Le 24 février 2022, la Russie commençait l’invasion à grande échelle de l’Ukraine. Nous venons de marquer le premier anniversaire de cette terrible guerre. Que va-t-il donc se passer ?

Anne Mazoyer-Jankowska est présidente de FairValue Corporate & Public Affairs, un cabinet d’affaires publiques français, notamment basé à Varsovie et en lien avec les affaires ukrainiennes.

Tels les anniversaires funèbres ou bien ceux plus ésotériques et tant redoutés par nos anciens, le retour annuel sur cette date fatale du 24 février 2022 va-t-il provoquer un bouleversement planétaire ou bien un apaisement notable du conflit ? Et par quels moyens diplomatiques, militaires ou économiques ?

Le degré d’incertitude est maximal.

À son déclenchement, cette invasion, considérée comme la plus importante opération militaire qu’ait connue l’Europe depuis la fin de la Seconde Guerre mondiale va faire accuser la Russie par les grandes puissances européennes et l’UE de mener une guerre d’agression contre l’Ukraine. Une action que la communauté internationale n’a eu de cesse de condamner avec fermeté, malgré un degré absolu d’incertitude sur sa durée et ses conséquences.

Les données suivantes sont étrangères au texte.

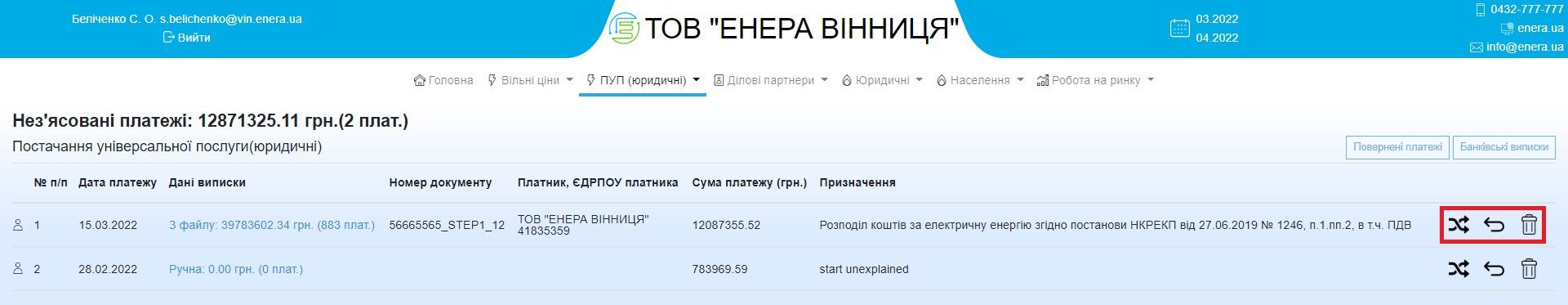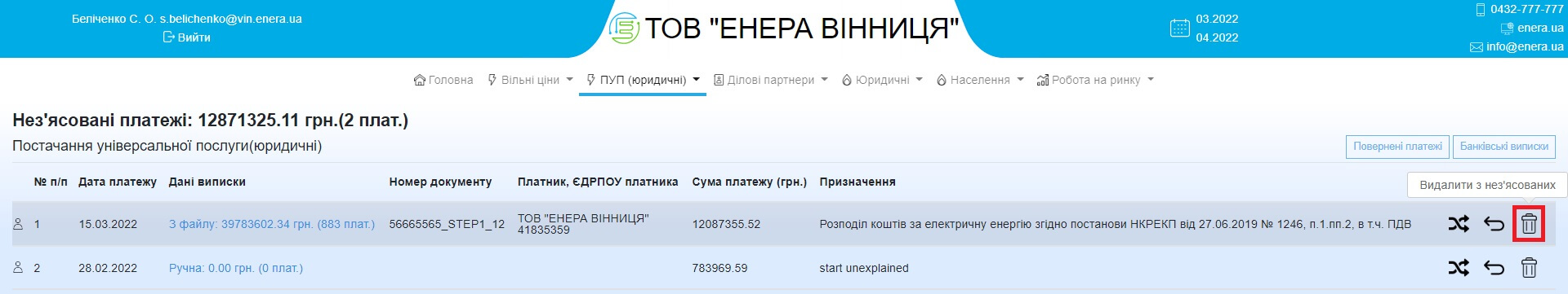 Для того, щоб видалити платіж з нез'ясованих, потрібно натиснути на відповідну кнопку
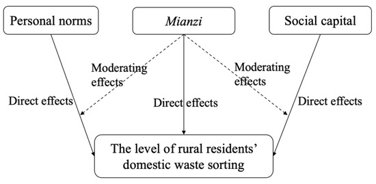 Mianzi, as an important mobilizing force for rural residents’ actions, can amplify their pride and guilt about whether they participate in pro-environmental public affairs [44]. The impact of mianzi on rural residents’ pro-environmental actions will reinforce a higher social capital in an acquaintance society structure. Rural residents with higher mianzi maybe attach importance to the role of social capital in regulating their pro-environmental behavior because they pay more attention to social resources and the relation network around them, whereas rural residents with lower mianzi maybe do not perform these actions because they are paying little attention to the reputation loss. It is reasonable to assume that the rural residents tend to be governed by mianzi when involved in domestic waste-sorting. The following hypotheses are proposed:
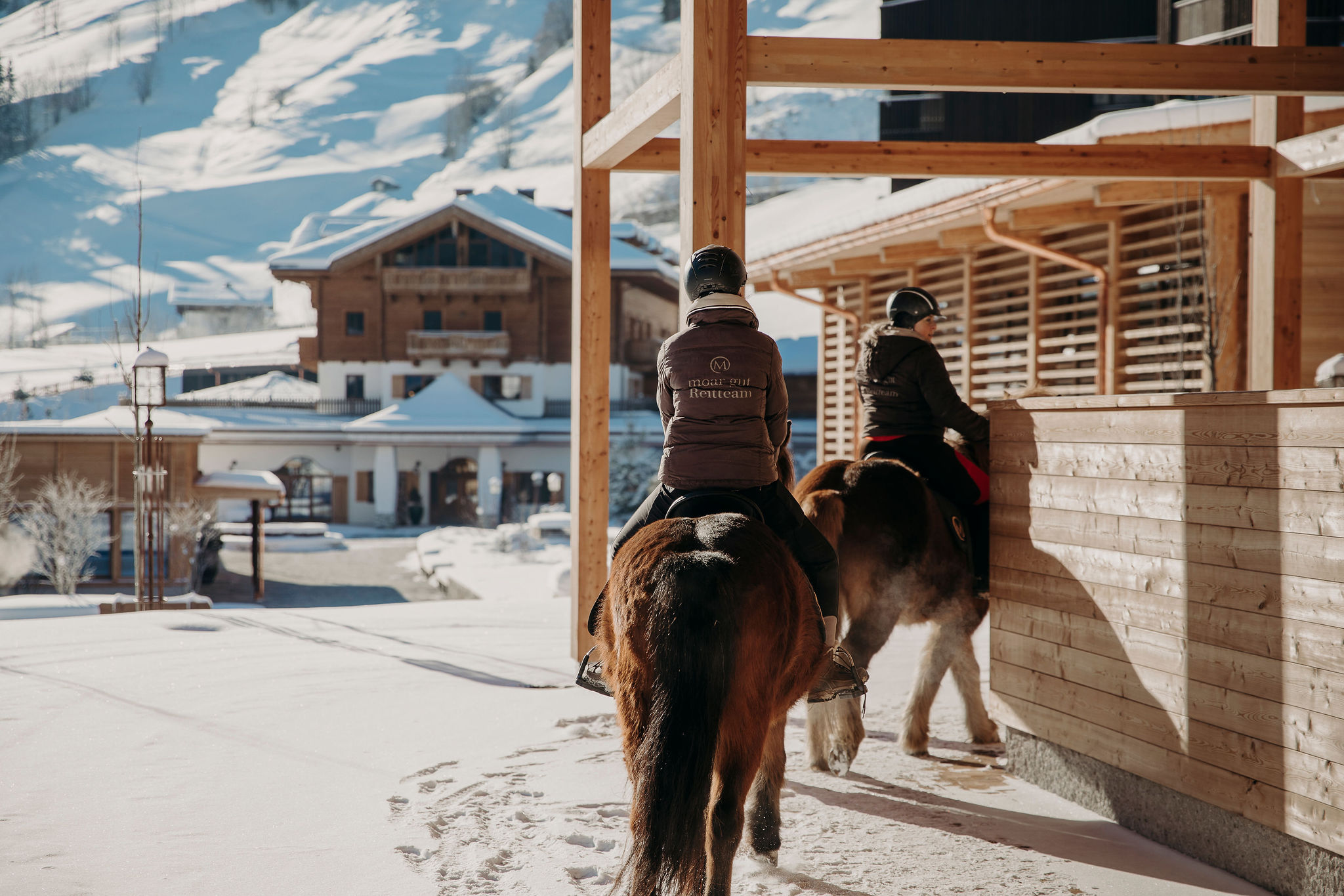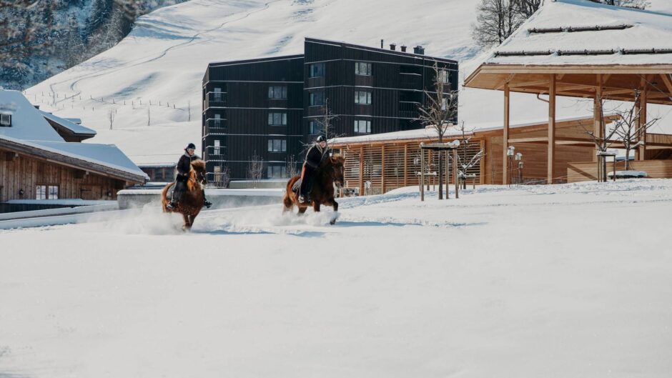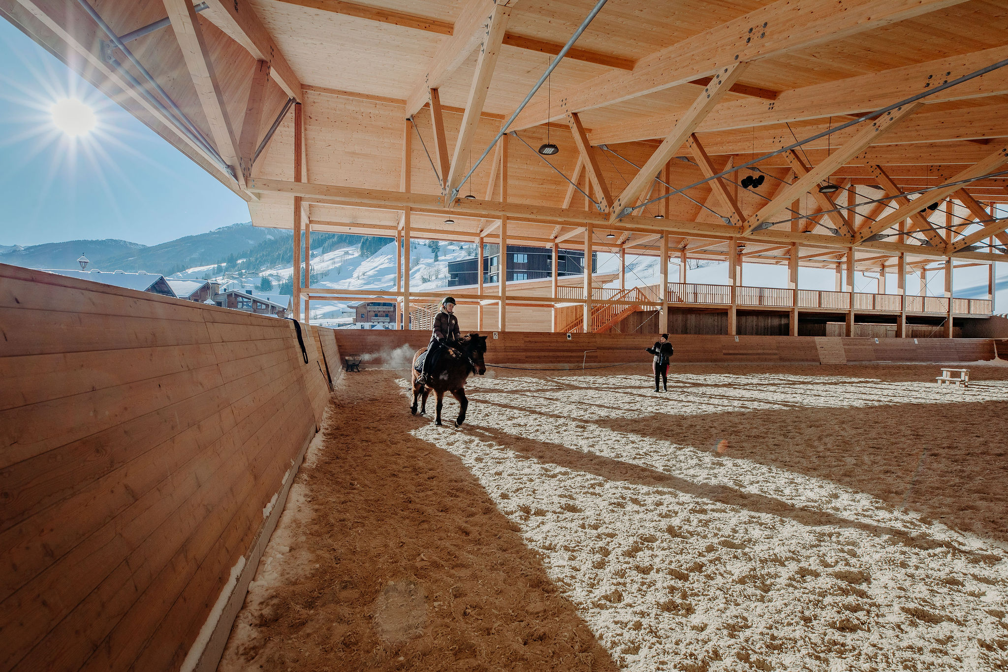 „Die Reithalle fungiert als Abschluss des Hotelareals. Durch die offene Konstruktion ermöglicht sie einen 360 Grad Blickwinkel. Die Besuchergalerie ermöglicht den Blick zum Reiten, zur Langlaufloipe, aber auch zu den anderen Bewegungsflächen wie dem Trampolin und der Sporthalle.“

De Tchouang Tseu à Diogène, de Sénèque à Nāgārjuna, ce qu’ont voulu les taoïstes comme les cyniques, les stoïciens comme les bouddhistes – en dépit de leurs multiples différences -, ce fut toujours de se rendre insensible aux aléas du monde. Autrement dit d’éloigner l’incertitude qui perturbe les stratégies, infléchit les discours et les décisions.

Si les différents enseignements de ces philosophes emportent l’adhésion de disciples en temps de paix, la guerre s’inscrit dans une temporalité différente qui requiert une ténacité sans faille.

La tentative de la Chine de jouer le rôle de pacificateur neutre dans la guerre en Ukraine a fait chou blanc ce vendredi (24 février), l’OTAN et l’UE semblant mettre en cause la crédibilité de Pékin en tant que médiateur.

La ténacité au cœur du combat

En effet, qu’aurait été cette condamnation internationale sans la persévérance, la résistance et la volonté inégalée de combattre, et le « jusqu’auboutisme » du peuple ukrainien ?

Au grand étonnement de la part de toutes les nations, l’Ukraine résiste, combat avec un farouche acharnement et se défend pied à pied dès le début du conflit malgré un degré d’incertitude absolue compte tenu des forces militaires en présence.

Selon les chiffres de Banque Mondiale, le budget militaire de l’Ukraine pour l’année 2021 s’établissait juste en dessous de six milliards de dollars, soit dix fois moins que celui de la Russie, à 65 milliards de dollars.

L’on peut cependant se demander si cette ténacité, qui s’est jouée en partie des adversaires de l’Ukraine, pourra déployer ses vertus jusqu’à la victoire ? Rien n’est moins sûr. Le risque de cette date anniversaire n’est pas tant celle d’une escalade supplémentaire du conflit, que celle de l’enlisement et d’une forme de banalisation de cette guerre pendant un temps qui reste plus qu’incertain, à l’instar du conflit israélo-palestinien, même si ses fondements en sont totalement différents.

Les alliés occidentaux cherchent à prolonger leur soutien à Kiev. Or, maintenir l’unité de l’UE sur cette question tout en évitant que la guerre ne dégénère en un conflit mondial est l’un des plus grands enjeux de la politique étrangère de l’Union aujourd’hui.

Des actions d’une régularité implacable

La ténacité et sa durée se jouent dans, et par, un ancrage. Les personnes tenaces croient en leurs idées, leurs pensées, leurs actions, leurs convictions, et c’est évidemment le cas du peuple ukrainien.

Leur présence et leur mode de communication permanent, volontairement interactifs dès que possible, les engage dans le monde. Mais la ténacité du pays s’impose surtout par ses actions militaires et de communication d’une régularité implacable.

La régularité a plus d’impact que toute autre chose. Elle est plus puissante que la force et la vitesse, et vous conduira plus loin que l’endurance et le talent.

Contrairement au temps, et à son incertitude existentielle, au poids ou à la distance, la ténacité ne peut pas être mesurée ou simulée. C’est une force. Une émotion. Une sensation. Le résultat d’un long travail acharné et continu ainsi que d’une concentration et d’une détermination quotidiennes. C’est la volonté de ne jamais abandonner.

Mais tenir a un prix, celui que l’on fixe à la hauteur d’un idéal et au soutien de nos valeurs démocratiques.